INFORMATION »
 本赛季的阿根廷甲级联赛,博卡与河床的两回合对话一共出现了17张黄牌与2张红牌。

...

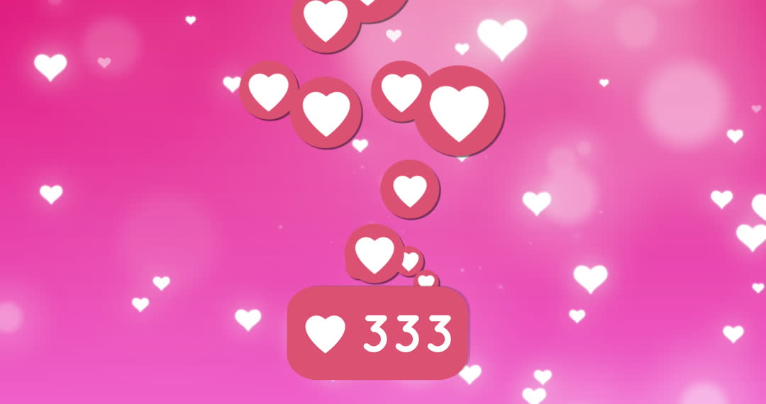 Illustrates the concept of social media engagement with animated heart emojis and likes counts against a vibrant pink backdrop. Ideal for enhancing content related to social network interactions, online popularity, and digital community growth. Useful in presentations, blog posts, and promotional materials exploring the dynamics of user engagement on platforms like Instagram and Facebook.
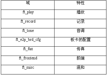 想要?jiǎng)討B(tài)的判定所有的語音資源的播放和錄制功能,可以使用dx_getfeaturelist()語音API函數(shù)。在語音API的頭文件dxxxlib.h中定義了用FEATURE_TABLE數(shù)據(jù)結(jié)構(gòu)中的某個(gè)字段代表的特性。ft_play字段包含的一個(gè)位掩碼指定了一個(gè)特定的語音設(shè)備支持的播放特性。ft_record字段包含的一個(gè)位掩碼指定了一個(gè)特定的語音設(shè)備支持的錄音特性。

WHAT YOU SHOULD DO »
Go back to the lines above and output, exactly as they stand, the ones from the line containing "Illustrates the concept" to the line containing "想要?jiǎng)討B(tà". Leave all pictures behind.

ANSWER BOX »
 Illustrates the concept of social media engagement with animated heart emojis and likes counts against a vibrant pink backdrop. Ideal for enhancing content related to social network interactions, online popularity, and digital community growth. Useful in presentations, blog posts, and promotional materials exploring the dynamics of user engagement on platforms like Instagram and Facebook.
 想要?jiǎng)討B(tài)的判定所有的語音資源的播放和錄制功能,可以使用dx_getfeaturelist()語音API函數(shù)。在語音API的頭文件dxxxlib.h中定義了用FEATURE_TABLE數(shù)據(jù)結(jié)構(gòu)中的某個(gè)字段代表的特性。ft_play字段包含的一個(gè)位掩碼指定了一個(gè)特定的語音設(shè)備支持的播放特性。ft_record字段包含的一個(gè)位掩碼指定了一個(gè)特定的語音設(shè)備支持的錄音特性。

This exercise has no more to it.